Estas penalidades corresponden a lo establecido en la normativa vigente para el cuidado del espacio público y la gestión adecuada de residuos urbanos.
Objetivo de la norma y cuestionamientos
Desde el Ejecutivo porteño señalaron que el propósito de esta medida es desincentivar que personas revuelvan residuos en los contenedores, lo que muchas veces deriva en mugre acumulada, malos olores y dispersión de basura en veredas y calles.

Esta acción se enmarca en una serie de políticas orientadas a fortalecer la limpieza de los entornos urbanos, promoviendo el correcto uso de los contenedores verdes y negros, y apuntando a mejorar la convivencia ciudadana en materia ambiental.
Sin embargo, generalmente las personas que revisan los contenedores están buscando restos de alimentos para comer o artículos para revender porque justamente no tienen un sustento económico, por lo que parece improbable que puedan ser obligados a pagar una multa pecuniaria o se vieran presumiblemente afectados por la amenaza de sanción.
Los números y los problemas con los contenedores
En el primer semestre del año se registraron 25.546 casos de vandalismo sobre estos dispositivos, lo que equivale a un promedio de más de 4.200 incidentes por mes. Los daños se detectaron mediante el patrullaje de verificadores y los reportes realizados por vecinos.

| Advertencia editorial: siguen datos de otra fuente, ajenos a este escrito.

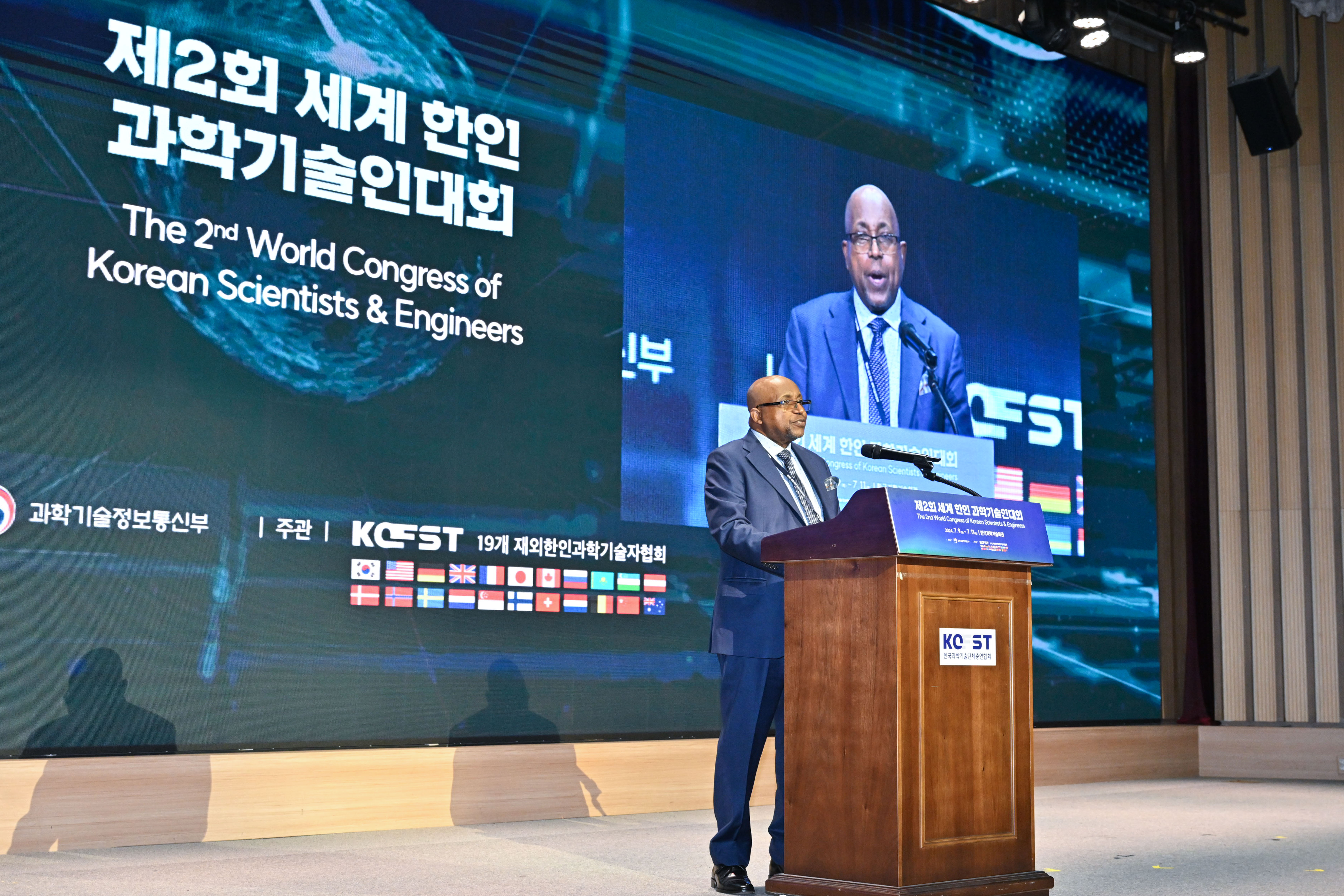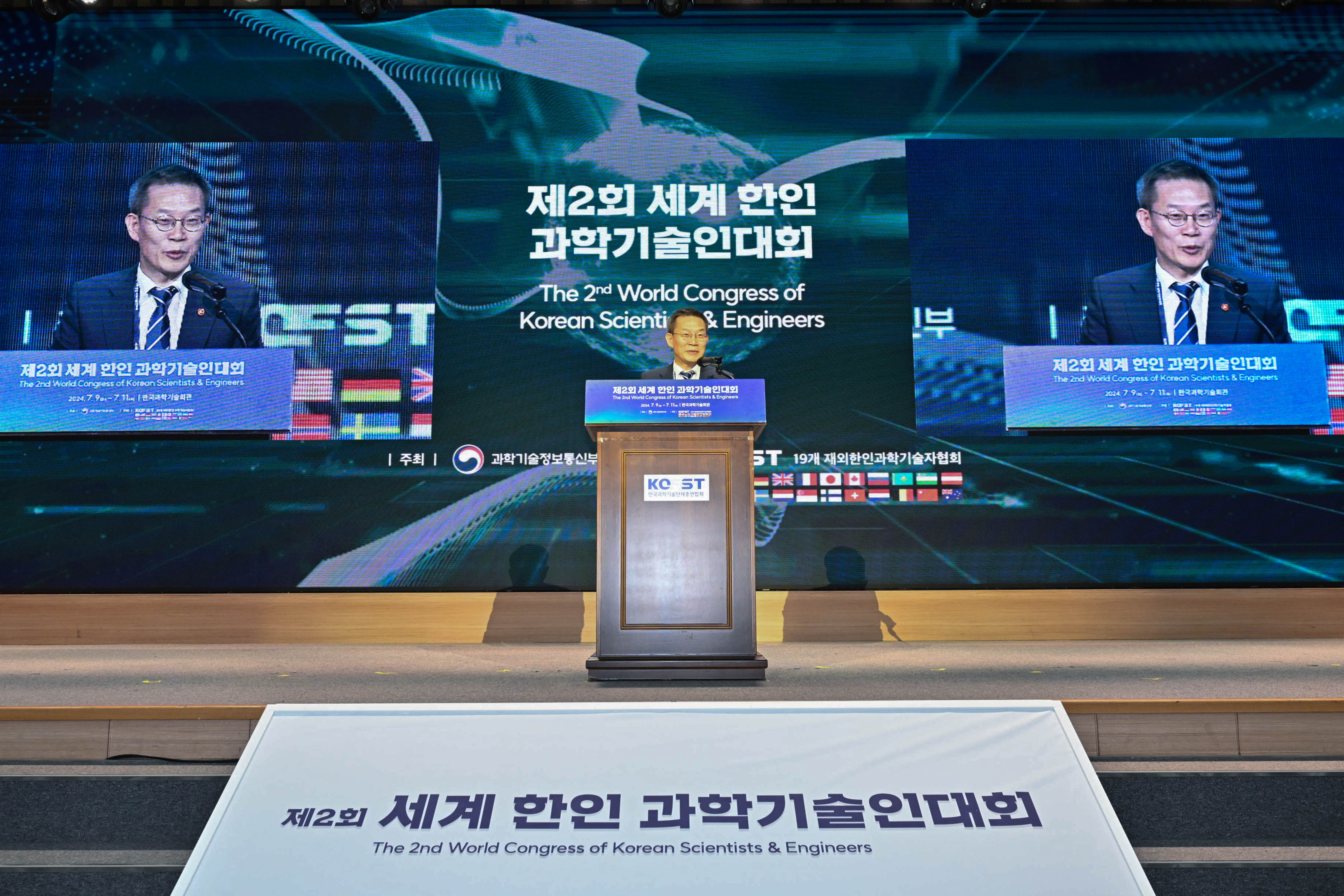 환영사_1. 이종호 과기정통부 장관은 7월 9일 서울 강남구 한국과학기술회관에서 열린 '제2회 세계 한인 과학기술인대회'의 환영사를 하고있다.
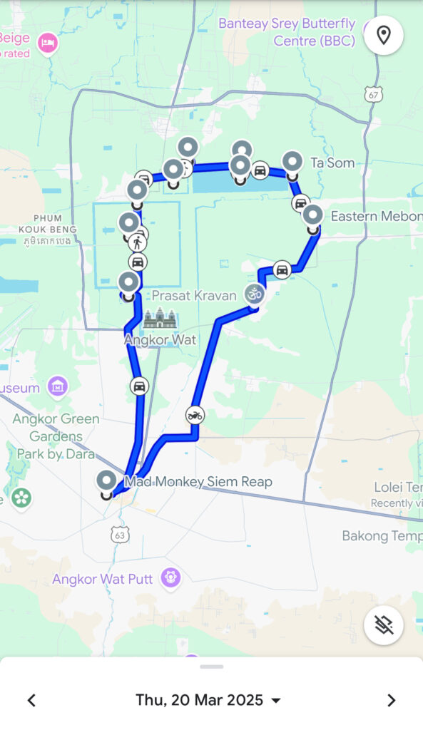 - Longueur de l’itinéraire du Grand Circuit : 40 km de Siem Reap allé-retour.

En la mayoría de los casos, según informaron, los contenedores pudieron ser reparados con el reemplazo de piezas como tapas, pedales o tensores. No obstante, algunos resultaron completamente inutilizables y debieron ser retirados.
Por eso, el Ejecutivo porteño completó la instalación de 7000 contenedores antivandálicos. Estos nuevos modelos incorporan un sistema tipo “buzón” con tapa de resorte, que permite depositar las bolsas pero impide su extracción.